Still, they learned they needed each other. Here’s Luke’s point: discipling is not
an individual endeavor. I need you, we need each other. It seems to me,
kingdom ministry is served by seeing how we can “pair” ourselves with each
other. It also seems to me, in light of their joyful experience, there are few things
more satisfying and life-giving than sharing with others, giving and receiving in
humility, and all the while being united more closely together as a community.
Lastly, Jesus warned the 70 to expect resistance, rejection, danger. Like Luke’s
audiences, we know the reference to lambs and wolves described danger (vs. 3).
The similarities between the Greco-Roman setting and ours are striking. Then as
now, proclamation of kingdom and blessing is for neither “the faint-hearted nor
the impatient” disciple. Now here comes a couple of long sentences. The
intensifying assault on biblical faith/practice in America is prosecuted by a
secularism promoting ethical-moral autonomy, actually insurrection. A
considerable swath of the polarized, political Right and Left, academic, legal,
media and entertainment industries, supported by corporate America, produces,
justifies, spearheads and finances assaulting Biblical truth, attitudes, behaviors,
thoughts and speech. The driving narrative is policed as an extension of “my
lived experience” and “justice”. A Christian’s refusal to affirm the cultural
ideology, what Orwell called “goodthink doublespeak”, is identified as phobia,
bigotry or hate. Like the early Christians, identified disciples will soon find it
difficult to live peaceably within this progressive society, unless, of course, you
shut up.

Know this: the substance of our supposed “intolerance”, like that of the early
Christians, was allegiance to the Lord Jesus, choosing to think and behave with
mercy, holiness, Spirit guided virtues, forgiveness, reconciliation and moral
boundaries. In the troubled waters of America, Christians are increasingly seen
as threats to social stability because we won’t harvest for their lords. So the
Jesus ministry will require more and more alertness, looking intently for anyone
opening a household door. And it seems to me, like the 12/70, believing
communities must begin to find ways to be actively hospitable and grace-filled in
this country. Like the early Christians, being identified as Jesus’ disciple will yield
a far greater harvest because it will come at a far greater cost. Disciples and
would-be disciples would do well to walk the Jesus journey with eyes wide open
looking for, on the one hand, opening doors and on the other expecting rejection.

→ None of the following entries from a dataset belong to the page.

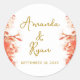 Sticker rond Mariage classique à coulis d'or orange Fleurs florales . Belles fleurs d'oléandre orange et script tendance. Ajoutez les noms des mariés et des mariés et la date du mariage.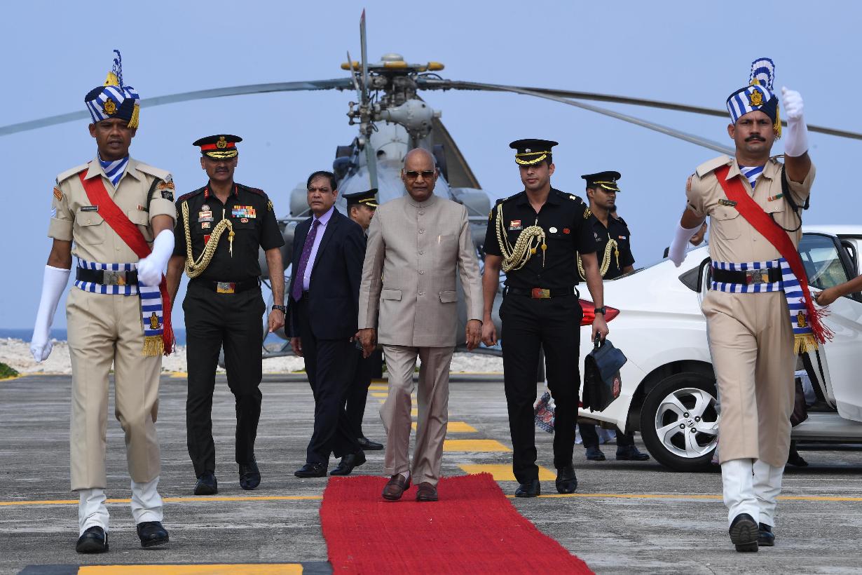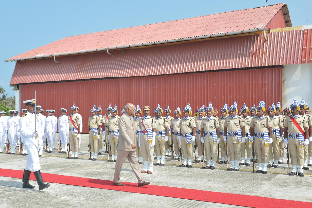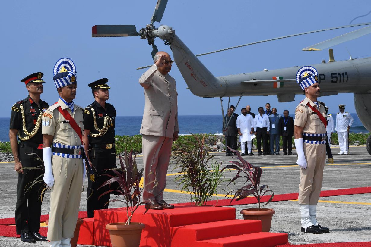 | Caption: | The President of India, Shri Ram Nath Kovind inspecting the Guard of Honour on his arrival at Kavaratti Helipad, in Lakshadweep on January 07, 2020. |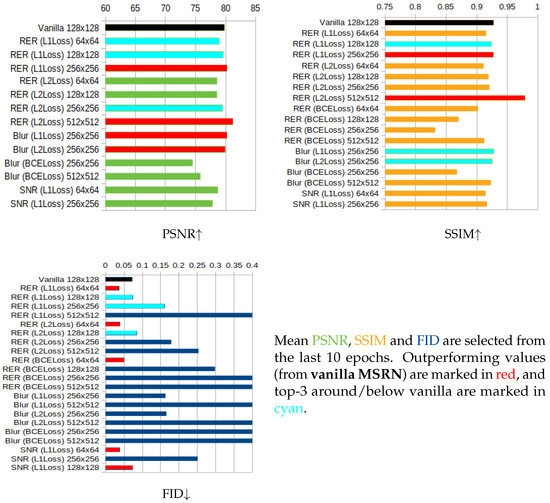 In Figure 9 we show that several strategies such as QMRLoss using r e r (and L1 loss) obtain better results than vanilla MSRN in the PSNR, SSIM and FID metrics. Here, the PSNR improves with QMRNet using L1 loss and crops of 256 × 256 as well as with L2 loss with 512 × 512. It also improves with the b l u r metric both with L1 and L2 loss on 256 × 256 crops. The SSIM improves with L1 loss in QMRNet that uses RER and significatively (almost 1.0) with r e r L2 loss with crops of 512 × 512. For FID, using QMRNet improves MSRN with r e r and all types of losses (L1, L2 and BCE) using crops of 64 × 64, here as well using QMRNet with s n r metric and L1 loss, using crops of 64 × 64 and 128 × 128.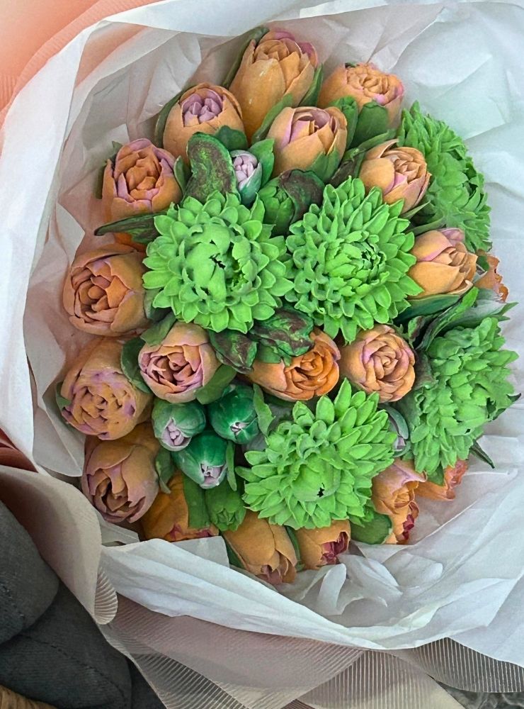 35 cm boyutunda, el yapımı yenilebilir lalelerden oluşan özel bir bukettir.

And I’ll close with this exhortation from the Ep. of Jude: “Be merciful to those who
doubt; save others by snatching them from the fire; to others show mercy, mixed
with caution—hating even clothing stained by corrupted flesh (vs. 22-23). In other
words, returning again to vs. 12-15, there is no place in the prophetic harvest of
the kingdom and its shalom for a disciple to be indifferent to the tragedy of divine
judgment about to come down on this world and the world to come. One heart,
one mind, one household at a time. Amen.